From Homage to Imitation

May 19, 2015 6 Comments

Years ago at a national show, I saw a painting that I thought crossed the line from homage to imitation. It was painted on Yupo using the same design scaffold, color scheme, subject, scale of objects, and personal slant as a George James painting. It even included the checkered pattern and tea pot that George frequently depicts in his work. In my mind, the painting was too strongly influenced by James to be considered original thinking. When I think of that painting now, I still feel confident in my judgment, but it reminds me that all artists and societies create their own standards for originality.

Throughout much of human history, societies across the world expected artists to adhere to visual codes. We see these codes beautifully expressed on Egyptian tombs and Pre-Columbian artifacts. This tradition continues today in religious iconography, with its strict rules regarding color, scale and presentation.

Our current Western culture instead emphasizes originality, but to what result? I need only to recall last week's article to suggest that the result is not always positive. If originality does not emerge from an artist's own desire, the pressure to be original becomes as much a demand from society as an artistic code was in the past. If a contemporary artist can't repeat anything that's been done before, she may feel as limited as an ancient Egyptian craftsman inscribing a tomb., 

Remembrance by Lynn Powers

I think it's helpful for artists to contemplate the extremes of originality and artistic codes and arrive at some middle ground - perhaps a set of personal boundaries. As you can imagine, I'm swept over with new ideas each time we work with an artist at Creative Catalyst. After an artist visits our studio, I find it helpful to do a review of my work. I look at four areas of personal development.

Calla Lilly, A Powers' Flower, by Lynn Powers

 

Technique: Information about how to apply paint to a specific substrate.
Content: What I choose to paint (e.g. people, flowers, landscapes, non-objective designs, dreams).
Design: The arrangement of shapes, color scheme, use of line, and any anything else related to composition.
Personal Slant:  The viewpoint I bring to my art (e.g. optimistic, angry, ordered, political).
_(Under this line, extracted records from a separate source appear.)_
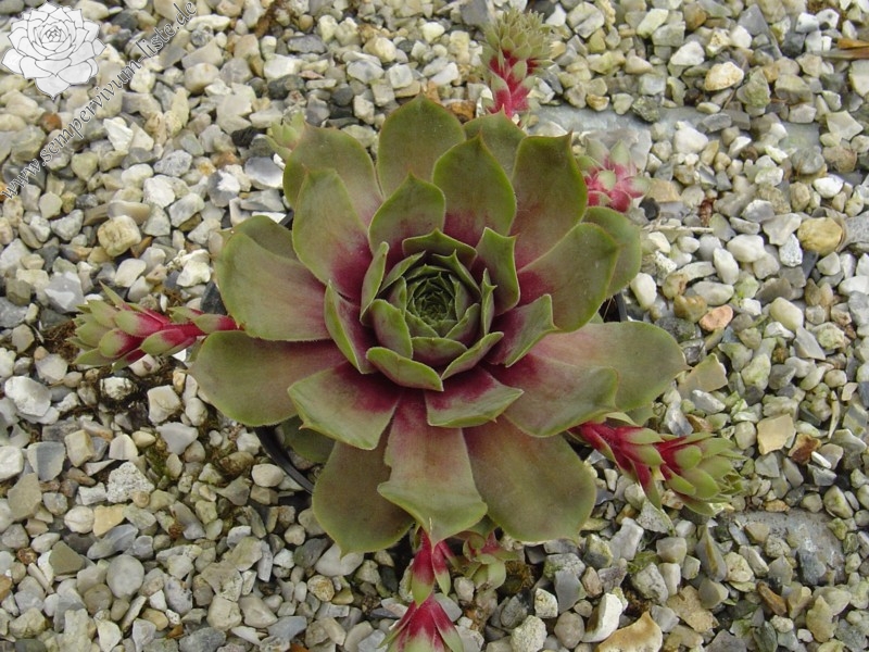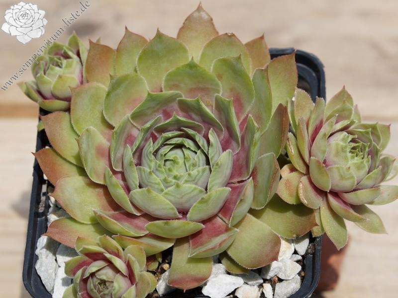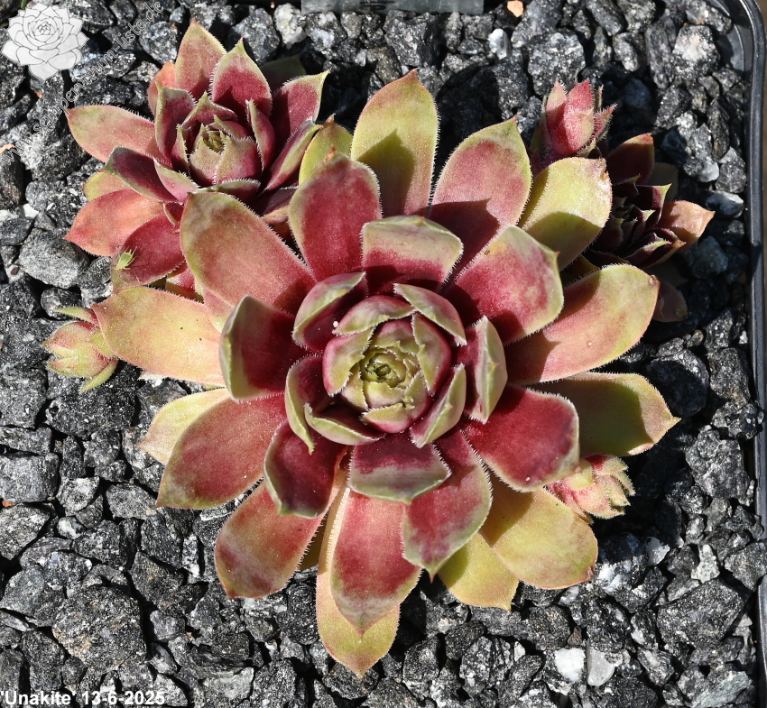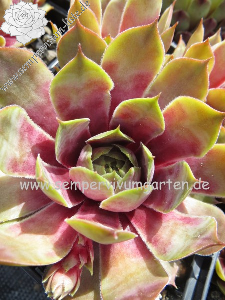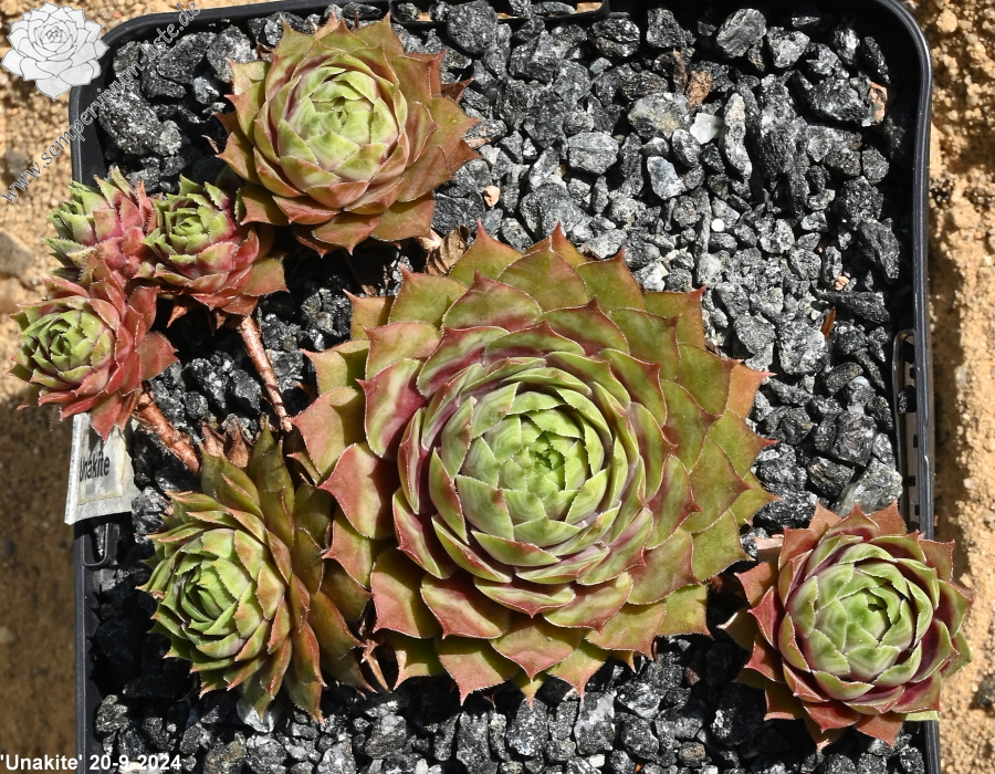 Sempervivum ‘Unakite’ ist ein großer Sempervivum mit einer hellen Grundfärbung. Im Zentrum bleiben die rosa Farben gut erhalten. Die Rosetten besitzen eine gute Wirkung! Sie zeigen sich als wüchsig und robust!
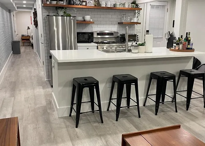 Una cucina completamente attrezzata è disponibile nelle camere dell'appartamento Stylish English Basement Perfect For Long Stays. Inoltre, la struttura si trova a breve distanza a piedi da Bad Saint, che serve cucina filippina. L'aeroporto più vicino è Nazionale di Washington Ronald Reagan, a 15 km da quest’alloggio di 74 m².
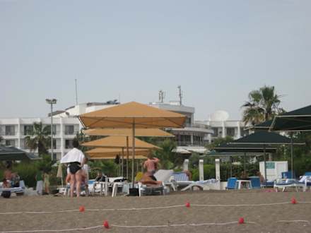 Strand mit Blick auf das Hotel
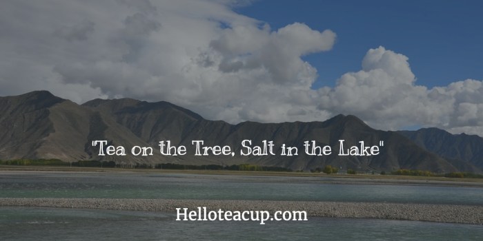Tibetans like salt in their tea. This custom can be seen in the Tibetan sayings: “Tea on the tree, salt in the lake”; “Loving each other just like tea and salt”; “Tea without salt is like languages without proverbs.”
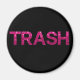 Fun fridge magnet for "country girls" who love livin' loud and fancy! Celebrate that White Trash / Trailer trashness with glam "trash" text in the look of chunky hot pink glitter on black background,
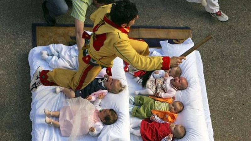 Πιο αναλυτικά, το τελετουργικό αυτής της παράξενης γιορτής έχει ως εξής: Νεαροί άντρες φορώντας κίτρινες φορεσιές, τρέχουν στον δρόμο και πηδούν πάνω από εμπόδια, τα οποία είναι βρέφη μικρότερα του ενός έτους, τοποθετημένα πάνω σε στρωματά από τους ιδίους τους γονείς.
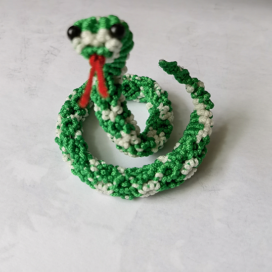 采荷街道社区学校活动室里,一场别开生面的结艺编织课正在进行,兴趣相投的老年人围坐一起结社而学。先将线对折打金刚结,留出合适的长度后穿入转运珠,再调整绳结的松紧……,社区大先生王老师耐心讲解着编织技巧,老人们一边认真聆听,一边反复练习,遇到复杂步骤便互相交流探讨,在老师的指导下,手中的线逐渐勾勒出精致的手链、戒指,以及惟妙惟肖的小蛇挂饰等手工艺品。
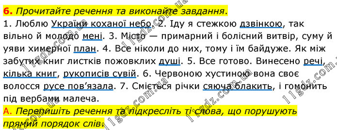 Прочитайте речення та виконайте завдання. 1. Люблю України коханої небо. 2. Іду я стежкою дзвінкою, так вільно й молодо мені. 3. Місто — примарний і болісний витвір, суму й уяви химерної план. 4. Все ніколи до них, тому і їм байдуже. Як між забутих книг листків пожовклих душі. 5. Все готово. Винесено речі, кілька книг, рукописів сувій. 6. Червоною хустиною вона своє волосся русе пов’язала. 7. Сміється річки сяюча блакить, і гомонить під вербами малеча. A. Перепишіть речення та підкресліть ті слова, що порушують прямий порядок слів.
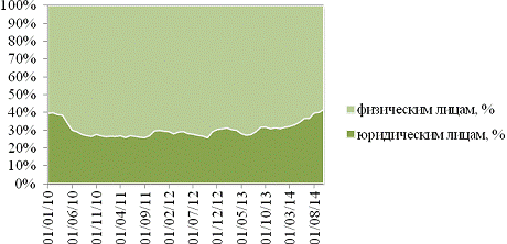 относительную стабильность. Задолженность по кредитам физических и юридических

Zinnia, scratchboard , by Lynn Powers

 

If I find that I'm trending too far in multiple areas toward one of my artistic influences, I take another look at what I'm doing. I ask myself if I'm contributing enough of me to make the work mine. If the answer is no, I certainly would not enter my paintings into a show as an expression of me.



Fortunately we are all free to arrive at our own conclusions. But falling into thoughtless reproduction of any teacher or influence's style means losing one of the best reasons to paint: creating a visual expression of how each of us experiences our world. We all experience the world in an original way, and hopefully we can each draw on our experience to provide the level of originality we feel is necessary in our work.

Cheers,

Lynn Powers

www.lynnpowersart.com

Prints Available

 

 

 

 

A force of Nature, by Lynn Powers


6 Responses

B. Hildebrand
B. Hildebrand

May 02, 2017

I am a realist painter and at every workshop that I
take the instructor usually tries to make me into a
loose painter. Lynn’s article is very timely even
though it was written in 2015. Be true to yourself!

Pam Malone
Pam Malone

May 26, 2015

Well said, Lynn! I always enjoy your comments. They are never to harsh but raise the awareness. Thank you.

Pam Malone
Pam Malone

May 26, 2015

Well said, Lynn! I always enjoy your comments. They are never to harsh but raise the awareness. Thank you.

Harold Walkup
Harold Walkup

May 26, 2015

During a small show of mine years ago I overheard someone say "He paints a lot like….(my current instructor). I never took a class from him again. Didn’t want to be compared that easily.

Gail Johnson
Gail Johnson

May 26, 2015

I saw a dramatic example of this 15 years ago when a watercolor society had a very influential member who taught a few, very popular, special sessions of the class he taught at a local college. This was a full 16 weeks of painting in his style and required a lot of work, meaning that most participants had no time for their work in their own style. At the next group show the decline in variety and creativity was obvious and I could easily spot the paintings of his students. I noticed recently that his style has changed radically since then. I can’t help wondering if he was pushed into change by seeing too many other paintings like his. The best teachers help students paint the style and subject that suits the student.

Brenda Brannon
Brenda Brannon

May 26, 2015

When an artist is “young” to a particular style or medium, the best they can do is imitate what they are taught. A more mature artist can take the principles of what they have learned and apply it to their own style. I have seen actual copies, usually works created in a class or workshop, displayed in local “art society” shows. While the artist may have done a great job at copying the original, it is still just that, a copy. Likewise, when we “imitate” too closely an artist’s signature style, it also becomes questionable, in my opinion.